J Gen Physiol. 2011 Mar;137(3):299-314. Epub 2011 Feb 14., [PMID:21321069]
Abstract [show]
Functional integrity of pancreatic adenosine triphosphate (ATP)-sensitive potassium (K(ATP)) channels depends on the interactions between the pore-forming potassium channel subunit Kir6.2 and the regulatory subunit sulfonylurea receptor 1 (SUR1). Previous studies have shown that the N-terminal transmembrane domain of SUR1 (TMD0) interacts with Kir6.2 and is sufficient to confer high intrinsic open probability (P(o)) and bursting patterns of activity observed in full-length K(ATP) channels. However, the nature of TMD0-Kir6.2 interactions that underlie gating modulation is not well understood. Using two previously described disease-causing mutations in TMD0 (R74W and E128K), we performed amino acid substitutions to study the structural roles of these residues in K(ATP) channel function in the context of full-length SUR1 as well as TMD0. Our results revealed that although R74W and E128K in full-length SUR1 both decrease surface channel expression and reduce channel sensitivity to ATP inhibition, they arrive there via distinct mechanisms.
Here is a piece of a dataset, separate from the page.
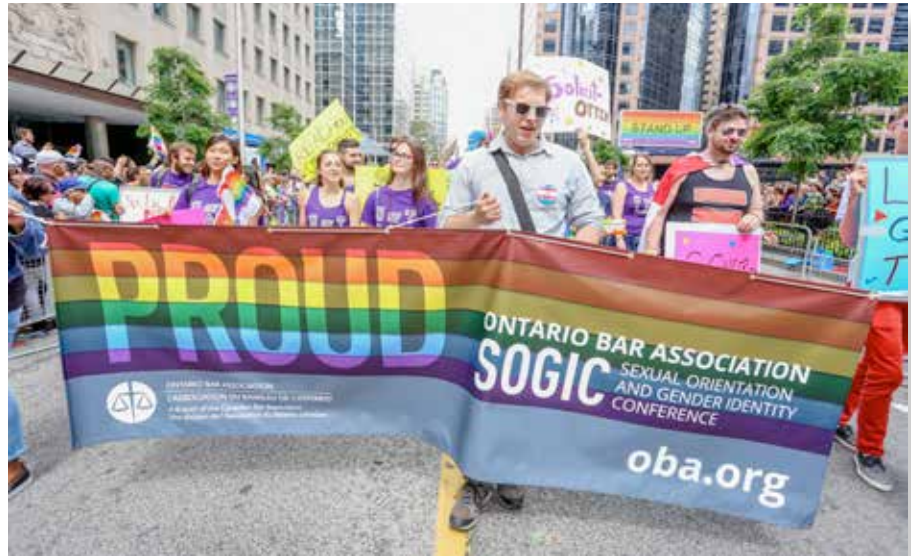
The Ontario Bar Association represents 17,000 lawyers, judges, notaries, law teachers and law students from across the province.

She continued, “LGBT activist lawyers have served three subpoenas on the Center for Military Readiness as a ‘non-party’ in the litigation. They are demanding the right to search through private emails from the first day of the Trump presidential campaign, to the present, and beyond. It appears that they are trying to prove what amounts to a conspiracy theory. In their minds, President Trump did not announce a change

Mutation of R74 uniformly reduced TMD0 protein levels, suggesting that R74 is necessary for stability of TMD0. In contrast, E128 mutations retained TMD0 protein levels but reduced functional coupling between TMD0 and Kir6.2 in mini-K(ATP) channels formed by TMD0 and Kir6.2. Importantly, E128K full-length channels, despite having a greatly reduced P(o), exhibit little response to phosphatidylinositol 4,5-bisphosphate (PIP(2)) stimulation. This is reminiscent of Kir6.2 channel behavior in the absence of SUR1 and suggests that TMD0 controls Kir6.2 gating by modulating Kir6.2 interactions with PIP(2). Further supporting this notion, the E128W mutation in full-length channels resulted in channel inactivation that was prevented or reversed by exogenous PIP(2). These results identify a critical determinant in TMD0 that controls Kir6.2 gating by controlling channel sensitivity to PIP(2). Moreover, they uncover a novel mechanism of K(ATP) channel inactivation involving aberrant functional coupling between SUR1 and Kir6.2.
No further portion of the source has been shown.